On Tuesday, November 23, 2004, 12:14:59 PM, Rob McEwen wrote:
A. Definite hand-typed HAM
B. Closed Loop Opt-In NEWSLETTER (topically applicable to the recipient)
C. NEWSLETTER (topically applicable to the recipient) from reputable organization (no harvesting, few/none NANAS, no SpamHaus) where the person didn't actually subscribe, but likes to read it... maybe it came because they previously bought something or left checked a "receive other offers/info" checkbox
D. More "spammy" NEWSLETTER (but topically applicable to the recipient) where the mailer is fairly "clean" (some NANAS, no SpamHaus), but the user didn't explicitly Opt-in. Maybe they left a "receive other offers" checkbox checked in the past when filling out something else or ordering something else.
E. More "spammy" ADVERTISEMENT (but topically applicable to the recipient) where the mailer is very "clean" (no harvesting, few NANAS, no SpamHaus), but the user didn't explicitly Opt-in. Maybe they left a "receive other offers" checkbox checked in the past when filling out something else or ordering something else
All of the above should probably be considered ham for SURBL purposes. What matters more than the *sending style* is what other *uses the domain name* or IP in the URI might have.
Remember that we're not blocking sending methods. We're blocking URI mentions like domains. Therefore what matters is not how the message is sent (newsletter, hand-send, etc.) but ***what the domain might be used for***. We don't want to block on legitimate domains. All of your examples above are for legitimate or mostly legitimate domains.
F. Definite spam (to varying degrees).
Of course, it is not always possible to know if an e-mail is "topically applicable to the recipient". But assuming that you do, it is hard for Mail Administrators to distinguish between B, C, and D. It is also sometimes hard to distinguish between E & F.
A better question might be whether the mail is "topically applicable to ANY recipient." Since we are a global blocklist, we need to think globally and act on behalf of ALL users, not just one particular recipient.

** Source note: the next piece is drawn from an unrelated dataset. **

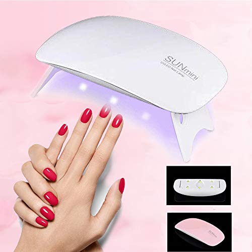 Lampada UV per unghie in gel, 6 mini luci LED da 6 W, USB, portatile, per asciugare le unghie, pieghevole, adatta per tutti gli smalti in gel, colore bianco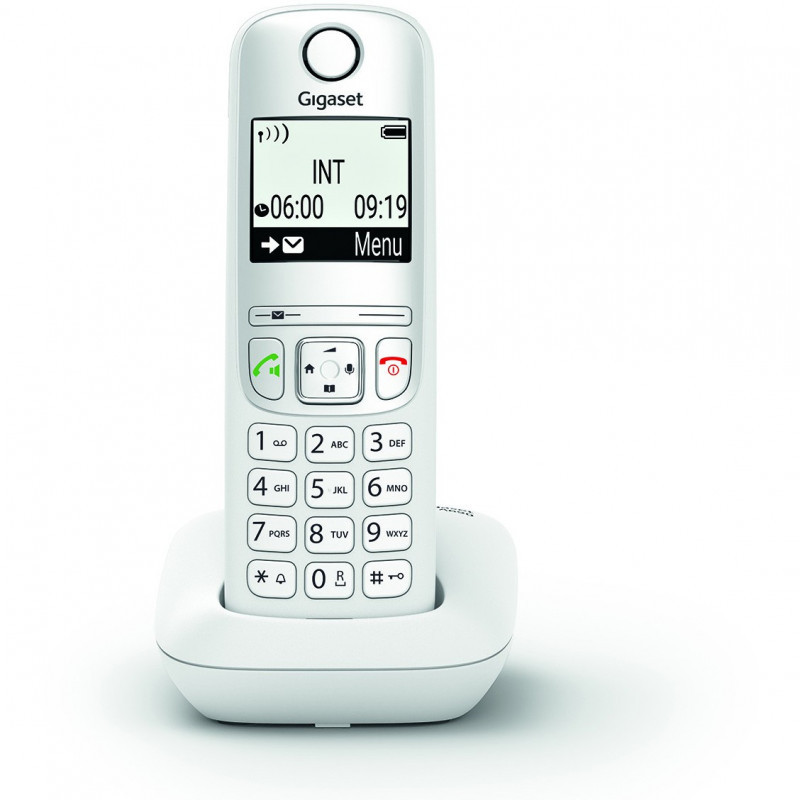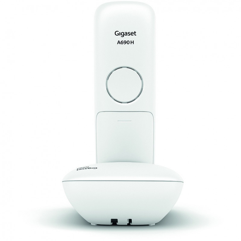 "Gigaset A690. Type: Analog telephone, Handset type: Wireless handset. Speakerphone, Phonebook capacity: 100 entries. Caller ID. Display diagonal: 5.08 cm (2""). Product colour: White. Number of handsets included: 1"\n"Simply sounds good - a DECT phone with outstanding audio features

Therefore we want to list domains that are pretty much universally regarded as spammy like cheappillz4u. biz, 0emsoftwarez. info, etc., and almost certainly not some plumbing fixture manufacturer's open subscription newsletter.
The overwhelming percentage of Spam IS very distinguishable from A-E because of things like obfuscation techniques, SpamTrap recipients, location of sender's server, past history of sender, etc.
I agree. We want to list only that extremely obvious spam. Usually it's for pills, mortgage, warez, gambling, porn, etc.
Still, this whole issue makes me question, "how good are Ham Corpuses".
Moreover, when a particular SURBL gets an FP rating of .002%, I think, "that's great"... but then I wonder, "is this .002% actual human written correspondence, or is it a newsletter, etc?"
Rob McEwen
As has been noted, getting down to 1 part in 50,000 (0.02%) it's very easy for a minor misclassification to have a huge impact on the FP numbers.
Ham corpora do have errors, both FP and FN. Usually FPs can only be detected by hand-checking them again. Even highly-experienced spam-fighters make errors when classifying their ham and spam initially. To err is human.
There are also problems with the representativeness of messages in corpora. It's not always easy to put together large and broad enough collections of ham to meaningfully reflect the larger corpus of all messages in general.
Measurements like these are quite hard to do well. Corpus checks are probably best for relative differences between algorithms, etc. I.e. is performance increasing or decreasing with a given change in coding, inclusion policies, etc.
Jeff C. -- "If it appears in hams, then don't list it."